WHAT YOU HAVE TO DO:
What you give back must match the data exactly, minus the pictures.

DATA BELOW:
::::

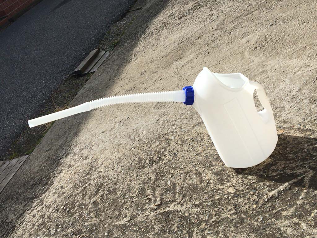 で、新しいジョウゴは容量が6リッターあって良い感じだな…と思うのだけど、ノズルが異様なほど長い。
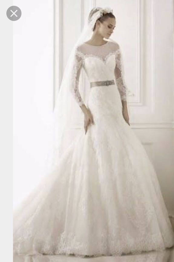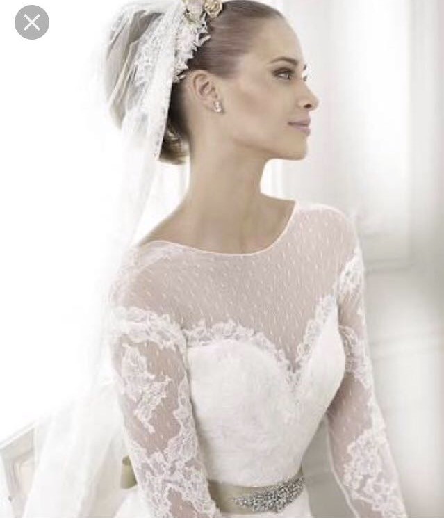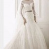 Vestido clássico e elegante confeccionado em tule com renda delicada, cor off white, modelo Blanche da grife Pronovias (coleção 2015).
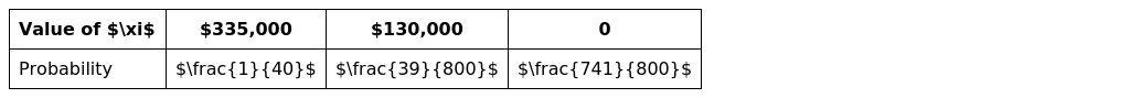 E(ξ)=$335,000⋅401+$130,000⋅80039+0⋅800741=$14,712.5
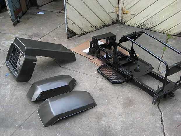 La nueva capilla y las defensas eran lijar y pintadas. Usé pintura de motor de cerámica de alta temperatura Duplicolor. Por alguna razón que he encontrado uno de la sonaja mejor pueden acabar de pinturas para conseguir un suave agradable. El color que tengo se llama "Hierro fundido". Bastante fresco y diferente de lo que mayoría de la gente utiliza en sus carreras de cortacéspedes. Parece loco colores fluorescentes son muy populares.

::::

PROBLEM SOLUTION:
 で、新しいジョウゴは容量が6リッターあって良い感じだな…と思うのだけど、ノズルが異様なほど長い。
 Vestido clássico e elegante confeccionado em tule com renda delicada, cor off white, modelo Blanche da grife Pronovias (coleção 2015).
 E(ξ)=$335,000⋅401+$130,000⋅80039+0⋅800741=$14,712.5
 La nueva capilla y las defensas eran lijar y pintadas. Usé pintura de motor de cerámica de alta temperatura Duplicolor. Por alguna razón que he encontrado uno de la sonaja mejor pueden acabar de pinturas para conseguir un suave agradable. El color que tengo se llama "Hierro fundido". Bastante fresco y diferente de lo que mayoría de la gente utiliza en sus carreras de cortacéspedes. Parece loco colores fluorescentes son muy populares.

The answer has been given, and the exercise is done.